Louis N Proyect lnp3 at columbia.edu
Sat Jun 15 12:42:18 MDT 1996


On Fri, 14 Jun 1996, Adam Rose wrote:

>
> This period was one of unrelenting battle against Centrism ie against people
> who SAID they were Marxists, opposed to the Imperialist War, and for the
> dictatorship of the proletariat. As soom as Lenin had the freedom of movement
> to organise a meaningful 3rd international, he embarked on this struggle against
> the centrists. If you choose to advocate organising with centrists or reformists
> today, you should explain why you have rejected the Leninist tradition.
>

Louis: Adam sidesteps the main point I was trying to make. I was trying to
explain that the "Leninism" of the 3rd International or the 4th
International has nothing in common with the organizational approach of
the Bolshevik party. I am putting forward a critique of a mechanical
understanding of such concepts of "the vanguard", "democratic centralism"
and "party line".

These are just organizational questions, but very important ones
nonetheless. I am dead set opposed to the notion of a "nucleus of a
vanguard" that small groups like the English or the American SWP put
forward.

Lenin's fight with Kautsky and the social patriots was over the need to
maintain the interests of the working-class above the need of the
war-mongering bougeois governments. The main reason for a call for a 3rd
International was not to build a new type of party based on "Leninist"
norms.

(The Comintern did in fact put forward the Bolshevik Party as a model for
member parties seeking membership, but these norms were developed by
Zinoviev in a most mechanical manner and have never been critically
examined by "Leninists" who swear by them.)

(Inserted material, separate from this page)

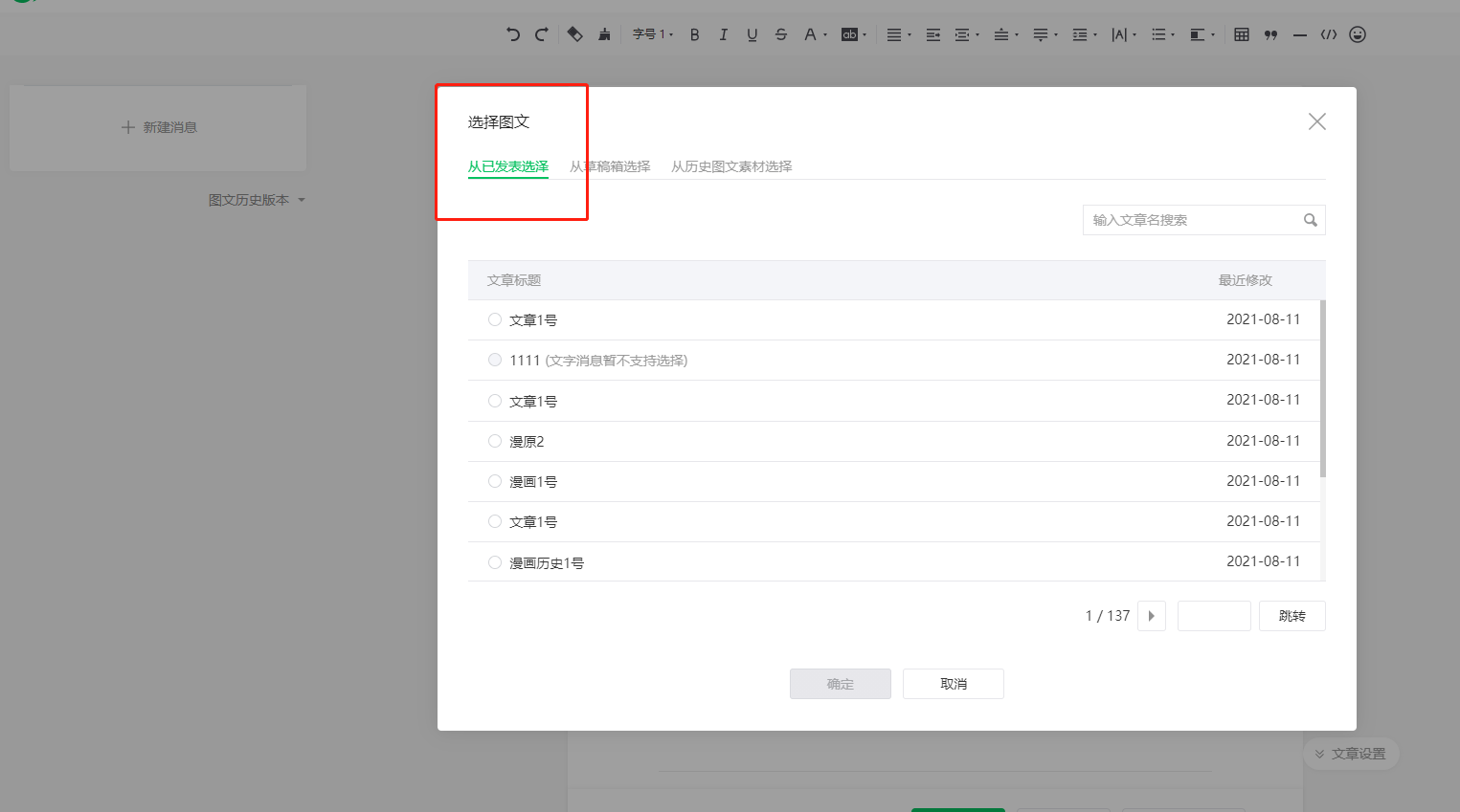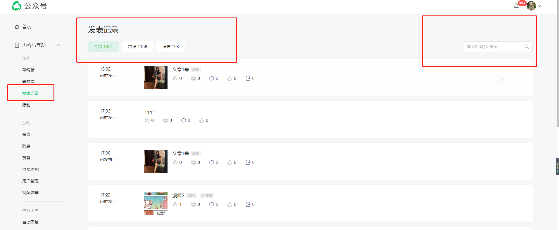 草稿箱中已发表的图文,可以直接在发表记录中查看以及预览
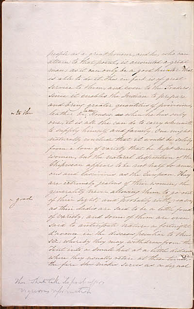 MacDonell, John. Description of Lake Athabasca and the Chipweans, ca. 1805 and Journal of a Voyage from Lachine to Fort River Qu'Appelle, 1793. An electronic transcription. MFTP #0005 people as a great honour, and he, who can attain to that point, is accounted a great man; as it can only be a good hunter that is able to do it. This in fact is of great service to them, and even to the Traders; since it enables the Indian to prepare and bring greater quantities of provisions, leather &c. Houses: as when he has only one, it is all she can do to carry wherewith to supply himself and family. One might naturally conclude that it would be solely from a love of variety that he kept several women; but the natural disposition of the Chipwean appears to be not half so amorous and lascivious as the European. They are extremely jealous of their women; the generality never allowing them to go out of their sight; and probably with reason, as their Ladies are said to be a little fond of variety; and some of them are even said to anticipate nature a fortnight d'avance in the diseases peculiar to their sex; whereby they may withdraw from the Tent into a small hut at a little distance where they usually retire at those times;– the fire she makes serves as a signal [20] L E G E N D : |

Leaving aside the whole question of the wisdom of organizations of several
hundred members in a country with a population numbering in the hundreds
of millions anointing themselves as "vanguards", there is another issue
that Adam raises that is highly problematic.

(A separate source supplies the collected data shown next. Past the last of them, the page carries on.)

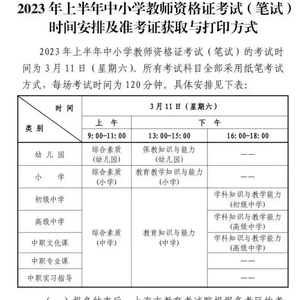 市教育考试院介绍,根据教育部、教育部教育考试院统一部署和上海市教育委员会有关文件精神,2023年上半年中小学教师资格考试(笔试)将于3月11日(星期六)举行。考试时间安排及准考证获取与打印方式见↓
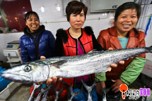 2014.3.28早,咸祥菜場里,水產(chǎn)經(jīng)營戶正在售賣馬鮫魚。每年清明前后,藍點馬鮫魚最為鮮美。
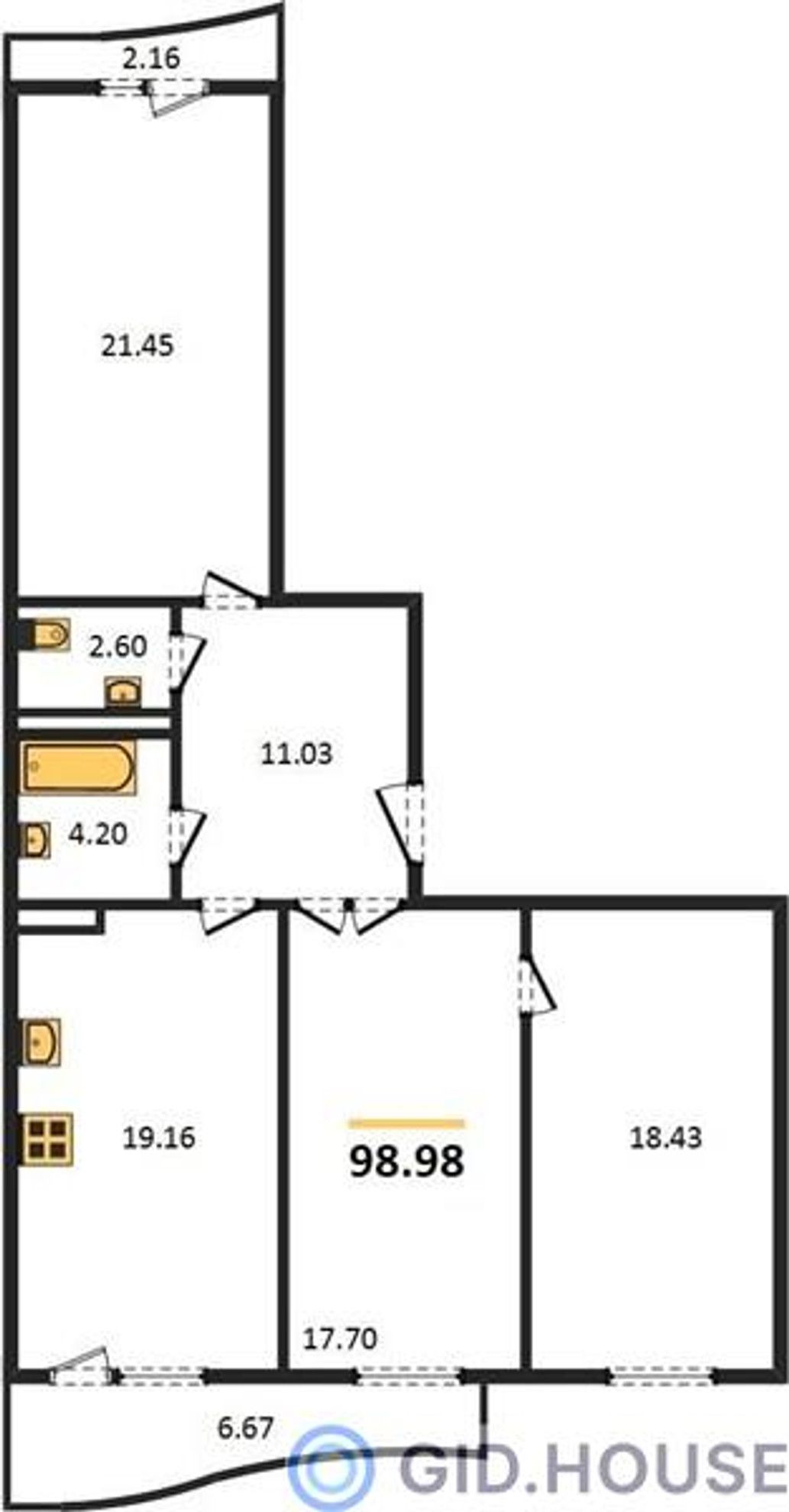 3-комнатная — 98,98 м² 16/20 эт. в Радонеж

It is easy enough today to identify Kautsky and others as "centrists",
"left opportunists", etc., since we have the vantage point of history to
help us look back at who was right or wrong. Those fights, however, were
between *massive* political tendencies which had sunk roots in the
working-class.

Meanwhile, on this pathetic little mailing list, which in some ways is a
mirror-image of the actual left we find ourselves in today, we find
members of tiny groups or isolated individuals awarding themselves the
same lofty status as leaders of powerful mass organizations from past
eras. They are generals without armies. What usually happens to people who
think they are Napoleon is that society finds a safe place for them to
work out their hallucinatory notions. Unfortunately, the organized left
usually welcomes individuals like this with open arms.

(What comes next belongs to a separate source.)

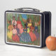 This is a standard metal lunchbox that appears to work just fine. We designed this box ourselves with an uploaded photo and custom text on the front and back. It looks absolutely beautiful except the front of the lunchbox is not centered like it shows in the photo. The print borders don't align with the inset flat part of the box where the preview photo online showed it perfectly centered in there. The back looks nice and centered though.
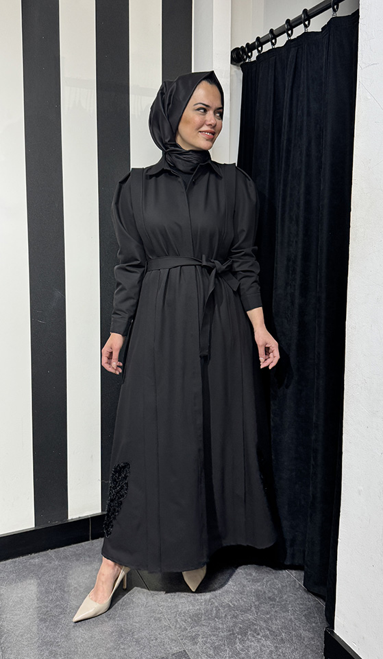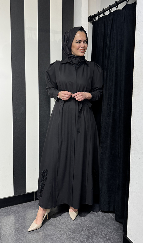 Qupra Nakış Detaylı Elbise SİYAH

This tendency to draw easy distinctions between Marxist and anti-Marxist
ideas and positions on the basis of broad distinctions has been poison for
the left. If somebody has a quarrel, for example, with my support for the
FSLN, then address that. But when you let loose with "Menshevik",
opportunist, centrist or some other choice epithet, you are not
demonstrating a superior Marxist understanding, merely a readiness to use
cheap insults. Carrol Cox made a correct observation. These loaded words
are a substitute for analysis and serve no useful purpose.